Cette femme aux grands yeux adora le feu d'une âme recueillie: «Si j'ai signalé mon obéissance à l'égard de mon vénérable, dit-elle; si j'ai cultivé la pénitence ou si même je n'ai violé jamais la fidélité à mon époux, Feu, sois bon pour Hanoûmat! S'il est dans ce quadrumane intelligent quelque sensibilité pour moi, ou s'il me reste quelque bonheur, Feu, sois bon pour Hanoûmat! S'il a vu, ce _quadrumane_ à l'âme juste, que ma conduite est sage et que mon coeur suit le chemin de la vertu, Feu, sois bon pour Hanoûmat!»
À ces mots, un feu pur de toute fumée et d'une lumière suave flamboya dans un pradakshina autour de cette femme aux yeux doux comme ceux du faon de la gazelle, et sa flamme semblait ainsi lui dire: «Je suis bon pour Hanoûmat!»
Ces pensées vinrent à l'esprit du singe dans cet embrasement de sa queue: «Voici le feu allumé; pourquoi son ardeur ne me brûle-t-elle pas? Je vois une grande flamme; pourquoi n'en éprouvé-je aucune douleur?
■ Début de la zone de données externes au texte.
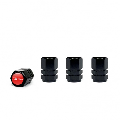 Audi S line Valve Caps Black 4 pcs Red Silicone Sticker with White Logo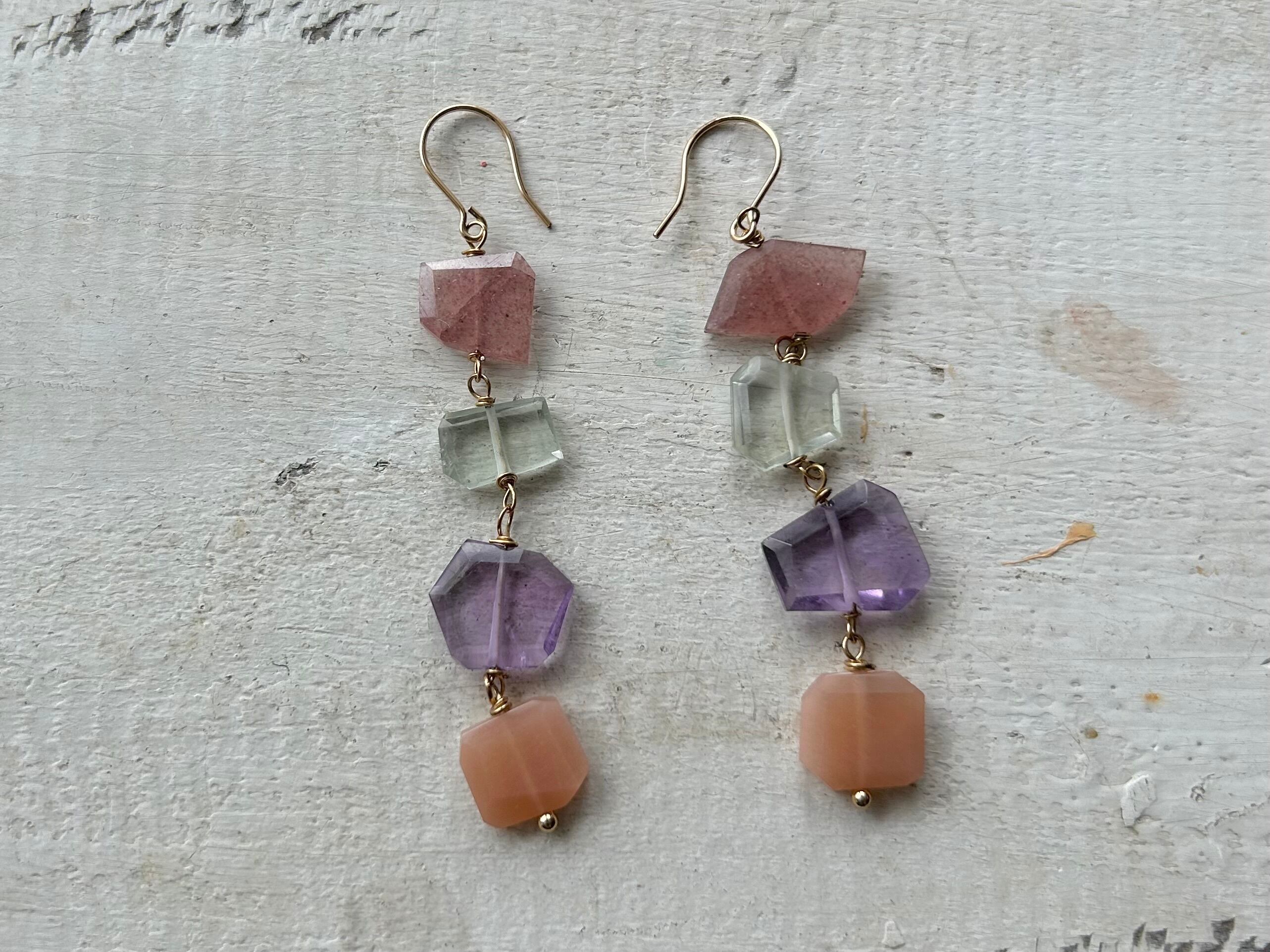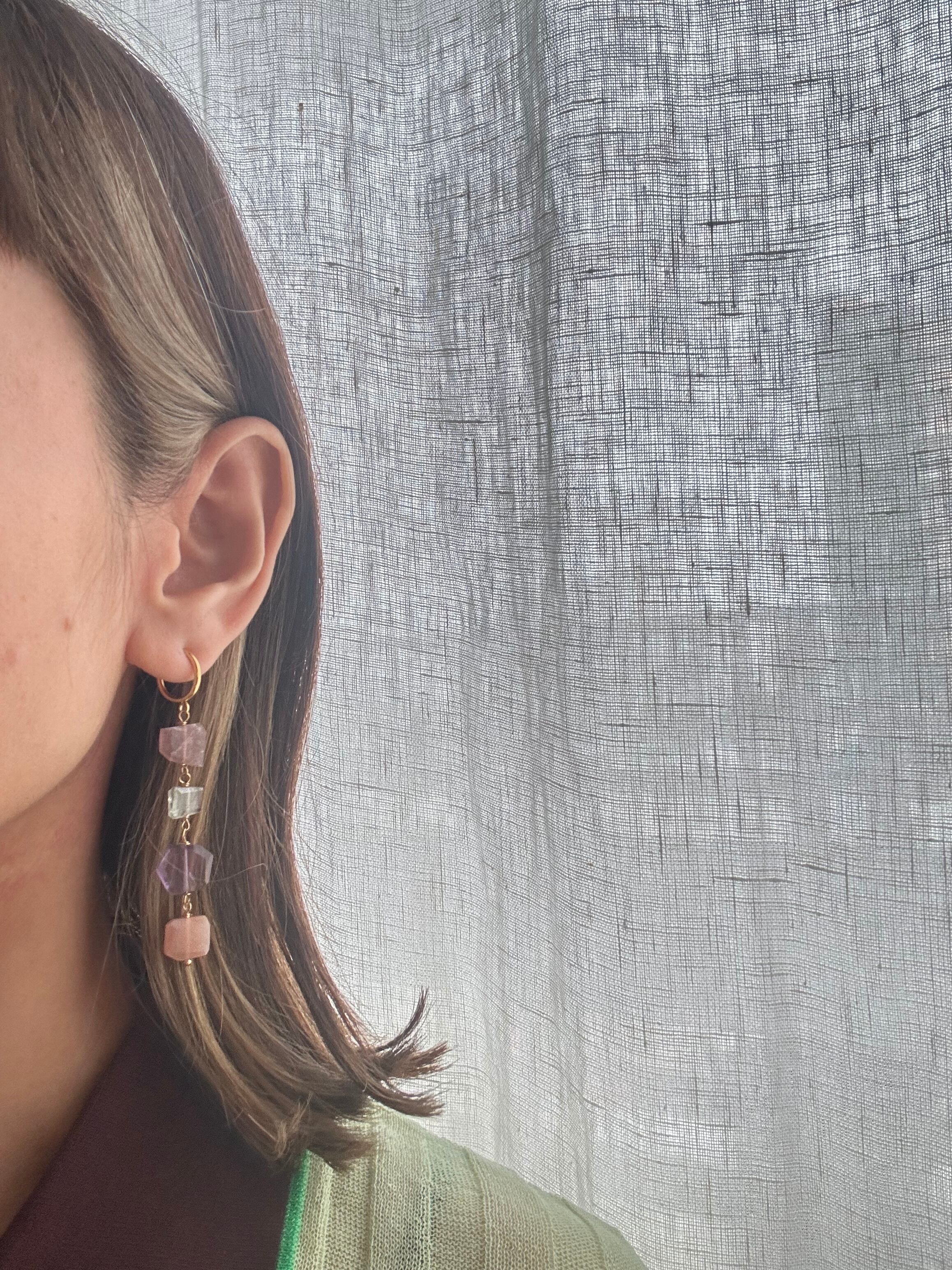 天然石をぜいたくに使ったロングピアス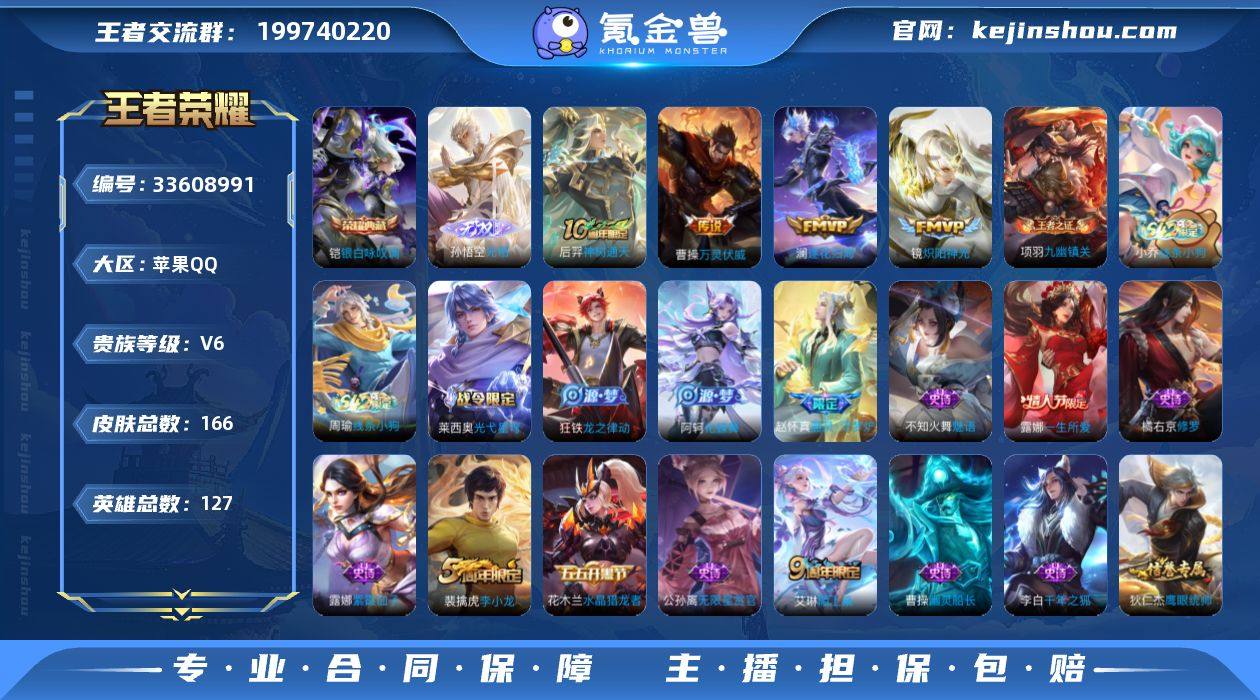 苹果手Q98区166皮1典藏4传说1无双V4 营地ID233893272最强王者【无双皮肤】:无相【荣耀典藏】:银白咏叹调【传说皮肤】:逐花归海,万灵伏威,神树通天,炽阳神光【史诗皮肤】:乱世虎臣,星界战将,幽灵船长,线条小狗,乘风破浪,偶像歌手,九幽镇关,天才门将,黄金分割率,龙之律动,魔术师,千年之狐,光弋星穹,黎明之约,逐浪之夏,节奏热浪,修罗,万物之道,李小龙,特工魅影,顽趣,原初追逐者,皇家上将,魅语,一生所爱,无限星赏官,鹰眼统帅,水果甜心,紫霞仙子,荣光圣徽,鬼剑武藏,水晶猎龙者,化蝶舞,器灵·浮梦炉,陌上桑,魅力维加斯

Un ruisseau de fraîcheur circule même dans ma queue! C'est là, je pense, une chose merveilleuse!
«Si le feu ne me brûle pas, c'est une faveur, que je dois sans doute à la bonté de Sîtâ, à la splendeur de Râma, à l'amitié, qui unit le feu au _vent_, mon père!»
Le grand singe, marchant vers la porte de la ville, s'approche alors de cette _magnifique_ entrée, qui s'élevait comme l'Himâlaya et d'où tombaient les faisceaux divisés de ses rayons éblouissants. Là, toujours maître de lui-même, le simien se rend aussi grand qu'une montagne; puis, il se ramasse tout à coup dans une extrême petitesse, fait tomber ses liens et, sitôt qu'il en est sorti, le fortuné singe redevient au même instant pareil à une montagne. Ses yeux, observant tout, virent une massue arborée dessus l'arcade: aussitôt le singe aux longs bras saisit l'arme solide toute en fer, et broya de ses coups les gardes mêmes de la porte.
Les Rakshasas, échappés au carnage, de courir sans jeter un seul regard derrière eux, comme des gazelles épouvantées qu'un tigre chasse devant lui.
Le grand singe avec sa queue toute en flammes se promena dans Lankâ sur les toits des palais, tel qu'un nuage d'où jaillissent les éclairs. Hanoûmat semait le feu, qui semblait, comme un fils, prêter au singe le concours zélé de sa flamme; et le Vent, qui aimait son fils, de souffler _en même temps_ l'incendie allumé sur tous les palais. Aussi voyait-on le feu, d'une fureur augmentée par son alliance avec le vent, dévorer les habitations comme le feu de la mort.
Les palais superbes, incrustés de gemmes, périssaient avec leurs treillis d'or, avec leurs pavés de perles et de pierreries; et les oeils-de-boeuf en éclats tombaient sur le sol de la terre, comme les chars des saints tombent du ciel, quand ils ont _un jour_ épuisé la récompense due à leurs bonnes oeuvres. Hanoûmat vit en flammes tous les quartiers des palais admirables aux ornements d'argent, de corail, de perles, de lapis-lazuli et de diamants.
Le feu est insatiable de bois, le noble singe est insatiable de feu, et la terre ne peut se rassasier de Rakshasas morts, que lui jette Hanoûmat. Le fils du Vent semait çà et là ses brûlantes guirlandes de flammes, et le feu _toujours_ plus intense dévorait Lankâ avec ses Rakshasas.